Mostly, the media reported this stunning data as a result of weak global economic activity. To a degree, this is true, but underneath that reality are several others. One key reality is that with an inventory this high, the laws of supply and demand will more than likely trump the forces of speculation, meaning, the price of oil, and thus gas, will come down. The effect of this is more discretionary income for a global economy that depends on consumer spending. Looking at this data this way suggests the weaker-than-expected ADP employment report is a blip, a minor downward move in an otherwise upward trend.

The media’s reaction to the oil-inventory report neglects to highlight that the Saudis, and OPEC by extension, do not feel the need to decrease the 30 million barrels of oil they are putting on the market each day. In other words, they would like to see the price of oil come down to the $80-$85 range, so the huge inventory works in their favor.

Additionally, another piece to the contextual puzzle I mentioned yesterday are the reasons for the huge inventory. The media fails to play up the larger story here, which is that the US, the largest consumer of oil in the world by a wide margin, is simply using less oil. Natural gas and more fuel-efficient cars are keeping inventories high and the price of oil stable. Add to this the fact that the US is producing more oil that it has in 20 years, which is pressuring the inventory levels as well.

An even larger story is the resurgence of American manufacturing, partly propelled by cheaper energy costs. As natural gas makes its way into the blood of American manufacturing, the cost of production goes down. Now add to that higher cost of doing business in China (the rising middle class makes labor more expensive), technology making factory production more efficient (one reason for the lackluster employment data in the last four years), and the general cost of labor in the US going down. Now, you have a situation that suggests insourcing just might be the new wave for big business. What is not a suggestion, however, is the reality that all of the above is making the US a growing exporter of goods, reversing a decades-long trend of decline.

  • Exports are running at about $180 billion a month, according to Commerce Department data, up from $140 billion a month two years ago. They are currently growing at an annual pace of about 16 percent — a percentage-point higher than necessary to double exports to $3.1 trillion by 2015.

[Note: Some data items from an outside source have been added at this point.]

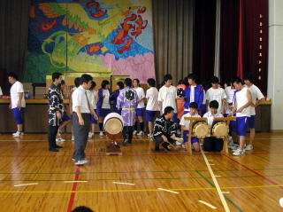 最初は照れてしまって見ているだけの生徒もいましたが、すぐに全員が楽器の周りに集まり、太鼓や鉦を叩くという初めての体験を楽しんでいました。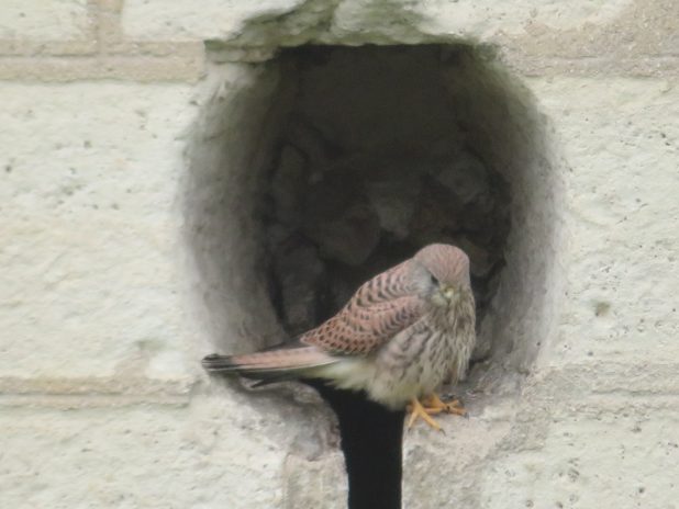 Faucon crécerelle posé sur le château de Vincennes, sur le chemin menant au Parc floral.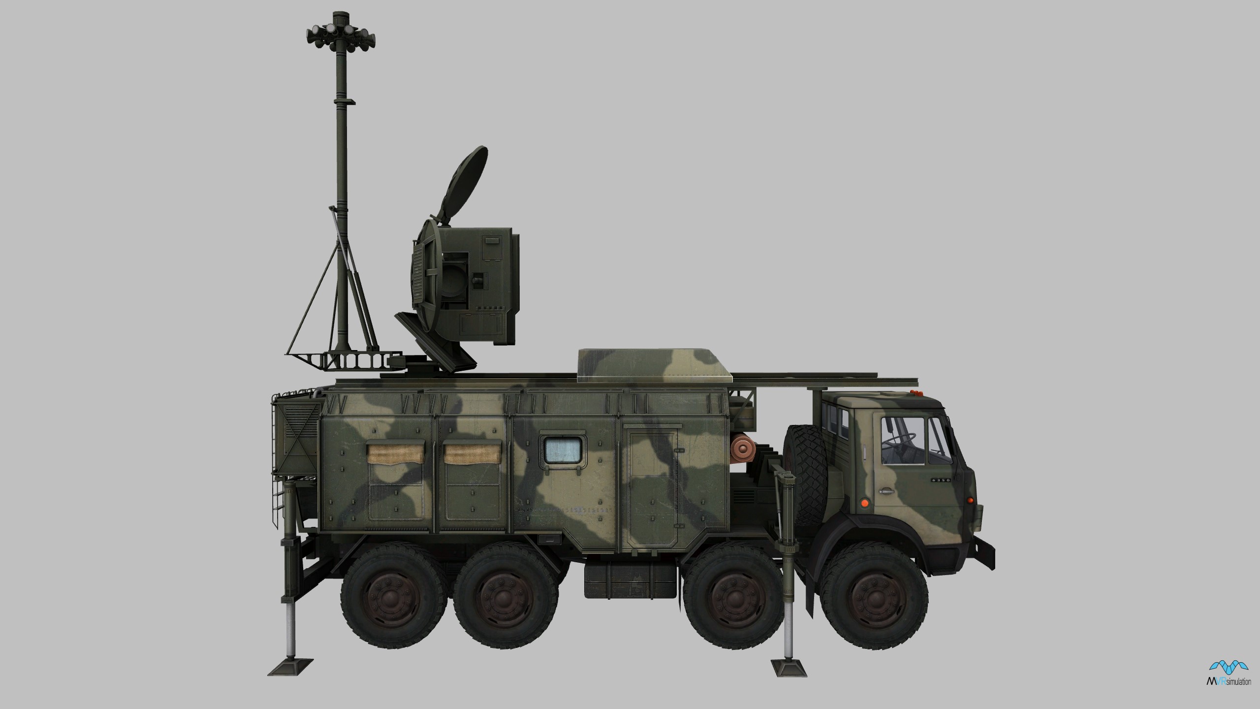 MVRsimulation's Krasukha-4 model is comprised of 60,969 polygons and 75.5 MB of textures (per paint scheme). The model has an articulated anti-radar system turret. The anti-radar system, headlights, taillights, and brake lights are controlled on appearance switch states.

The larger context also includes the other economies of the world that benefit form cheaper energy costs. China is certainly one, and we have seen the recent good economic numbers from that country. The other is the third largest economy on the planet, Japan. Its vast manufacturing sector will benefit from the downward pressure on oil prices and that will go hand-in-hand with the news out of Japan that “Abenomics” is on the move in a big, big way.

  • The Bank of Japan unleashed the world’s most intense burst of monetary stimulus on Thursday, promising to inject about $1.4 trillion (929.3 billion pounds) into the economy in less than two years, a radical gamble that sent the yen reeling and bond yields to record lows.

Japan has joined the ranks of those countries trying to stimulate economies monetarily. Will it work? Well, it has worked here in the US and it stemmed the European debt crisis, so it is likely Japan, and thus the global economy, will see something positive from the stimulus in the near term, very near term.

The larger global context is good, even if the day-to-day reporting of the news keeps the market on edge. My guess, though, is the market understands the larger context, and this is the reason it is not totally freaking out, why it wants to go up, and why it continues to go up. Sooner or later, inertia will take hold and the momentum will become clear, even to the breathless media.

And, one final thought … I have been studying up on Latin America, and what I am finding can be summed up in the sentence below. The economies there are working to overcome their problems as well, one of them being energy.

  • During the last two years, the administration of President Rousseff has been implementing tax reductions and lowering costs (such as power) in an attempt to prop up the faltering Brazilian economy.